### [Given records]

++++++++++

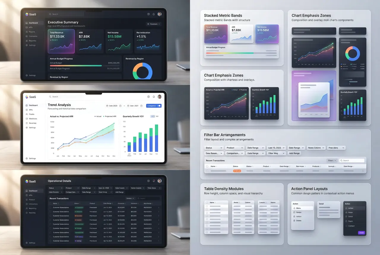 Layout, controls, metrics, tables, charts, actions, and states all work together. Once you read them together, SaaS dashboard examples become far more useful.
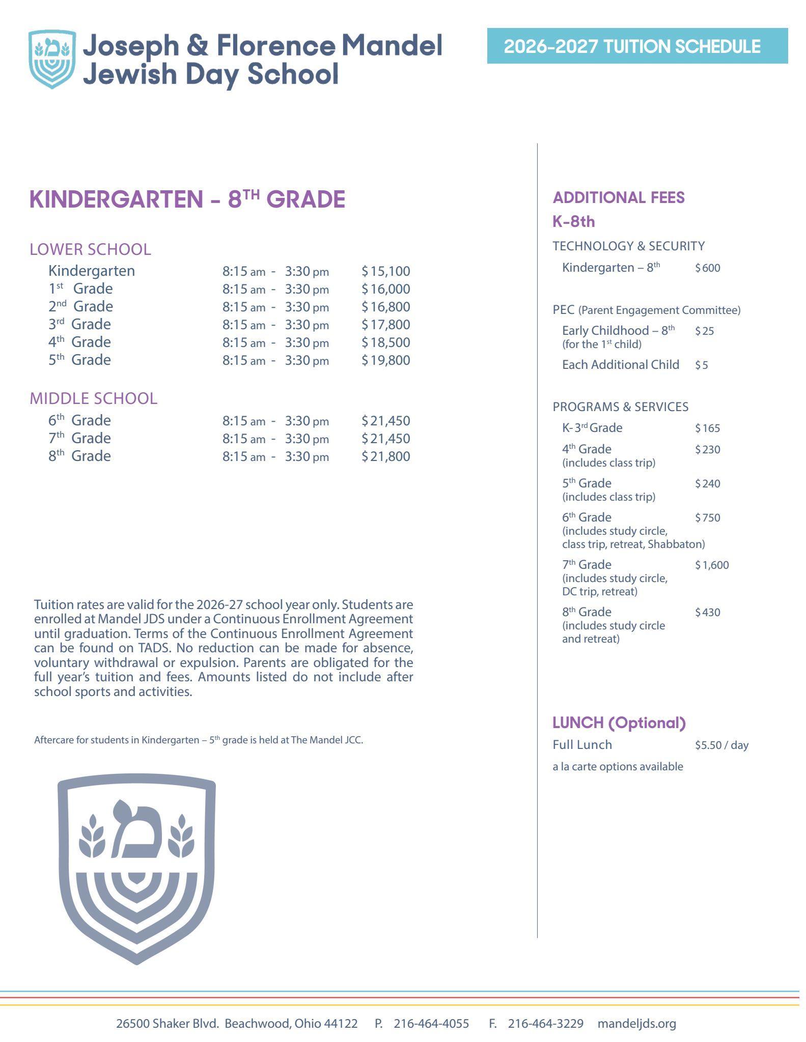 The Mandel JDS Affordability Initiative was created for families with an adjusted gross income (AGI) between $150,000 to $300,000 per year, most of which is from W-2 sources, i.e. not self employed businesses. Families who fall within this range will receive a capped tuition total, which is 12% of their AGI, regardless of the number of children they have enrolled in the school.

++++++++++

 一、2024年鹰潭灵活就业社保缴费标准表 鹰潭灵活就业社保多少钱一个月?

++++++++++

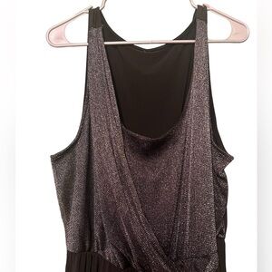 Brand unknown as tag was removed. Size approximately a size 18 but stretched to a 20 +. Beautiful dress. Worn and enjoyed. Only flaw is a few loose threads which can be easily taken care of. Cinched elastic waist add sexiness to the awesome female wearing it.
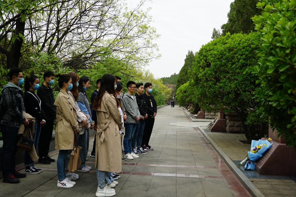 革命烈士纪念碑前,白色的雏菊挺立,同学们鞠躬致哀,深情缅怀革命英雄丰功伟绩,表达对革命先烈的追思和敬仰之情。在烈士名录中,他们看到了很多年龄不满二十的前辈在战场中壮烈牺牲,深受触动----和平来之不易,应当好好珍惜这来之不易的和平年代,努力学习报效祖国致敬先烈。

++++++++++

### [Exercise instructions]
When copying from the data above, begin at the line containing "Layout, controls, metrics, tables, charts, actions, and" and end at the line containing "The Mandel JDS"; return those lines exactly and leave all pictures behind.

### [Response]
 Layout, controls, metrics, tables, charts, actions, and states all work together. Once you read them together, SaaS dashboard examples become far more useful.
 The Mandel JDS Affordability Initiative was created for families with an adjusted gross income (AGI) between $150,000 to $300,000 per year, most of which is from W-2 sources, i.e. not self employed businesses. Families who fall within this range will receive a capped tuition total, which is 12% of their AGI, regardless of the number of children they have enrolled in the school.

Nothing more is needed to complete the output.